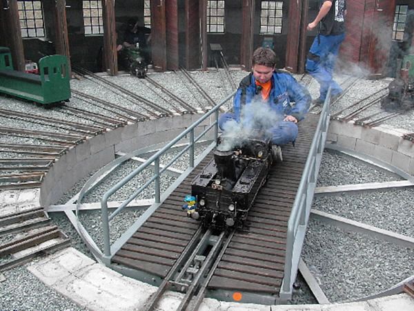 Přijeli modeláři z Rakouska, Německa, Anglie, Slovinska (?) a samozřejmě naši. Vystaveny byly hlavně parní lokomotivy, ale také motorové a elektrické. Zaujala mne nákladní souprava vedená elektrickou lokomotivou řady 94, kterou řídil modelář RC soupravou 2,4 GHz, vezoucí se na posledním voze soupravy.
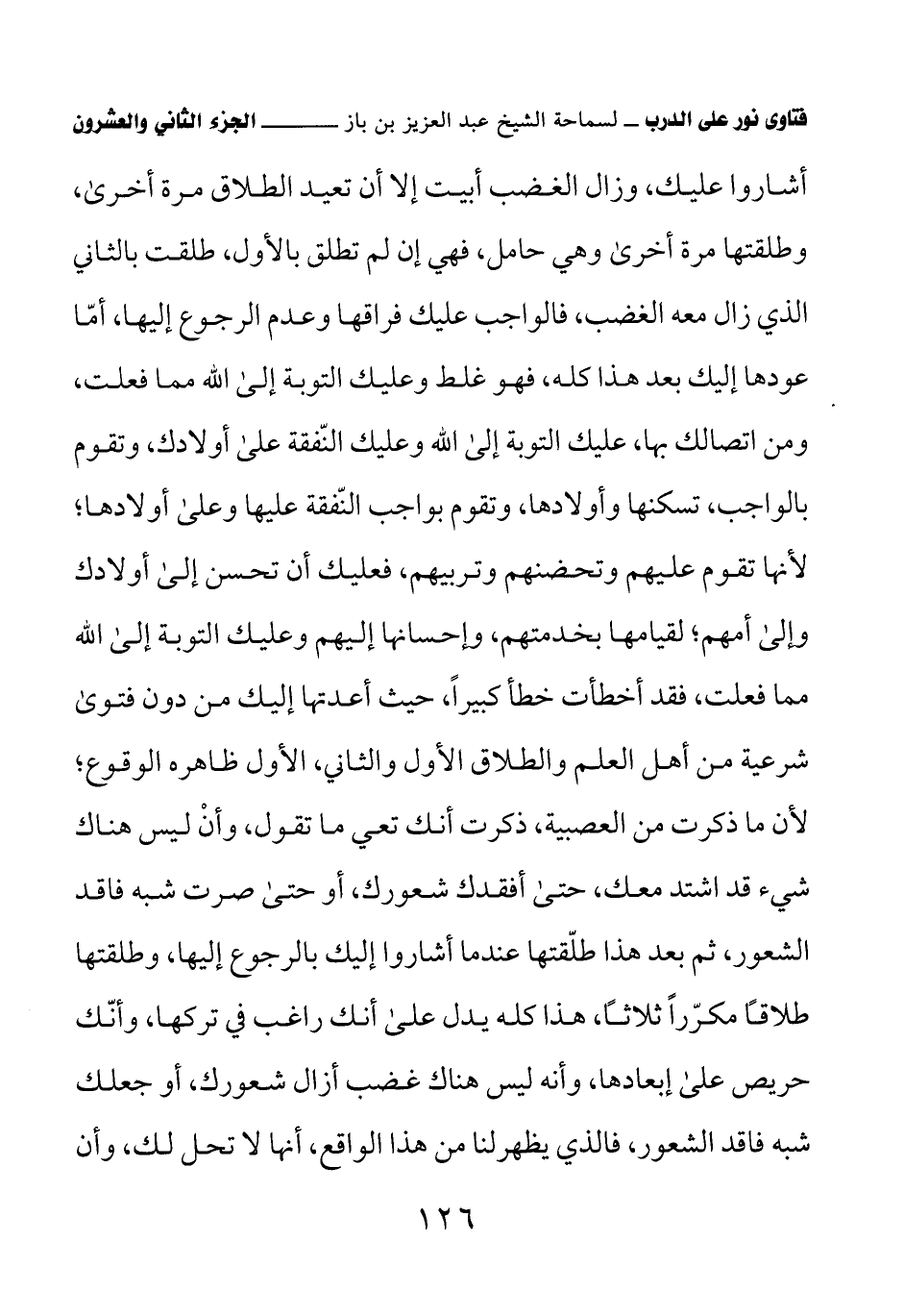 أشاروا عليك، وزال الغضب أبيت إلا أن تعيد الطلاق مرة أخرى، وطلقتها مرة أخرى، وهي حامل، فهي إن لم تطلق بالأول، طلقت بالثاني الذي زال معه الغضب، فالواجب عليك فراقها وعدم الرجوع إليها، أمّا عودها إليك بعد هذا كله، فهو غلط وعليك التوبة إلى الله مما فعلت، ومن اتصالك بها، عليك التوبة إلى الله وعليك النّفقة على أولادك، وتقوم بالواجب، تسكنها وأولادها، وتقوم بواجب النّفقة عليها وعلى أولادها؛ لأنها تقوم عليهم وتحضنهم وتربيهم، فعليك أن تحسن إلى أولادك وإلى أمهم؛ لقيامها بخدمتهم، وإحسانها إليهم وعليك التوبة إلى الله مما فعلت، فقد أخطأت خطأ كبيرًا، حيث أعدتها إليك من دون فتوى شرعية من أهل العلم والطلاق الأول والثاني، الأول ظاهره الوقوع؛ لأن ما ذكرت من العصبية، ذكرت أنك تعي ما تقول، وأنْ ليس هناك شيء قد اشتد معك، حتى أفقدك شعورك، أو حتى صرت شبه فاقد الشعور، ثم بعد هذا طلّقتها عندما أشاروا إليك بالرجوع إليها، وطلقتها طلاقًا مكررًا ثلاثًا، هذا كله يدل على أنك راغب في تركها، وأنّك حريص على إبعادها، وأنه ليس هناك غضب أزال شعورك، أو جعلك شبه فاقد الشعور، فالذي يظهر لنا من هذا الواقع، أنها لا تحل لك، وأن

══════════

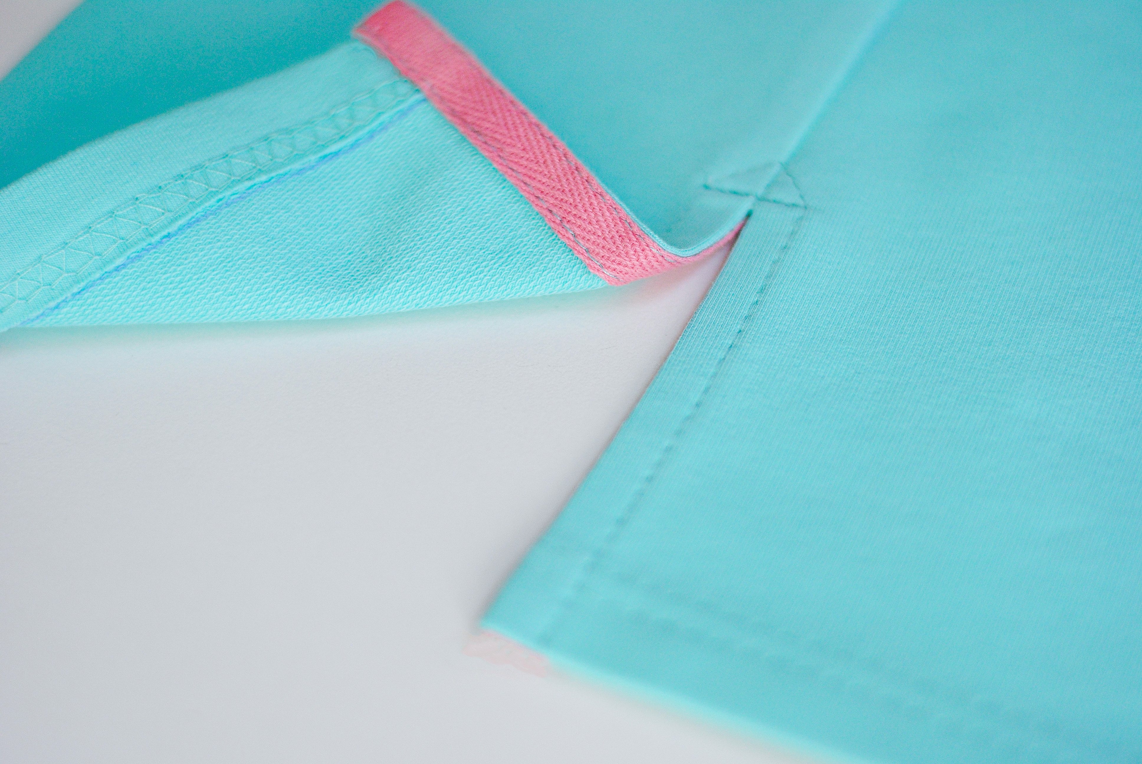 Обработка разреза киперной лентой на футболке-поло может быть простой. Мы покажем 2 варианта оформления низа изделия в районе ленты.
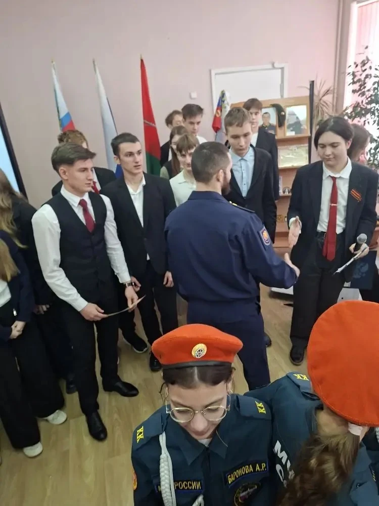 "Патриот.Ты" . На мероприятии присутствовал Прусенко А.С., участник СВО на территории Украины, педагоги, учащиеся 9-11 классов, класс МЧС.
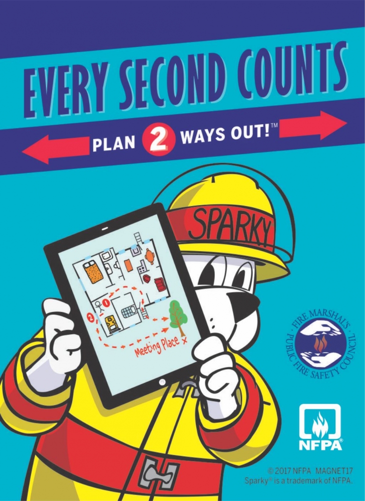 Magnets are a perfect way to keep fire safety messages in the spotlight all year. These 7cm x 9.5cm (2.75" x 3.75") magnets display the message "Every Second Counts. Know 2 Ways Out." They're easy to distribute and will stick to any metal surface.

══════════

• _Directions_
Above are the records; restate exactly the lines from the one containing "Přijeli modeláři z" through the one containing "أشاروا عليك، وزال", keeping pictures out.

• _The completed task_
 Přijeli modeláři z Rakouska, Německa, Anglie, Slovinska (?) a samozřejmě naši. Vystaveny byly hlavně parní lokomotivy, ale také motorové a elektrické. Zaujala mne nákladní souprava vedená elektrickou lokomotivou řady 94, kterou řídil modelář RC soupravou 2,4 GHz, vezoucí se na posledním voze soupravy.
 أشاروا عليك، وزال الغضب أبيت إلا أن تعيد الطلاق مرة أخرى، وطلقتها مرة أخرى، وهي حامل، فهي إن لم تطلق بالأول، طلقت بالثاني الذي زال معه الغضب، فالواجب عليك فراقها وعدم الرجوع إليها، أمّا عودها إليك بعد هذا كله، فهو غلط وعليك التوبة إلى الله مما فعلت، ومن اتصالك بها، عليك التوبة إلى الله وعليك النّفقة على أولادك، وتقوم بالواجب، تسكنها وأولادها، وتقوم بواجب النّفقة عليها وعلى أولادها؛ لأنها تقوم عليهم وتحضنهم وتربيهم، فعليك أن تحسن إلى أولادك وإلى أمهم؛ لقيامها بخدمتهم، وإحسانها إليهم وعليك التوبة إلى الله مما فعلت، فقد أخطأت خطأ كبيرًا، حيث أعدتها إليك من دون فتوى شرعية من أهل العلم والطلاق الأول والثاني، الأول ظاهره الوقوع؛ لأن ما ذكرت من العصبية، ذكرت أنك تعي ما تقول، وأنْ ليس هناك شيء قد اشتد معك، حتى أفقدك شعورك، أو حتى صرت شبه فاقد الشعور، ثم بعد هذا طلّقتها عندما أشاروا إليك بالرجوع إليها، وطلقتها طلاقًا مكررًا ثلاثًا، هذا كله يدل على أنك راغب في تركها، وأنّك حريص على إبعادها، وأنه ليس هناك غضب أزال شعورك، أو جعلك شبه فاقد الشعور، فالذي يظهر لنا من هذا الواقع، أنها لا تحل لك، وأن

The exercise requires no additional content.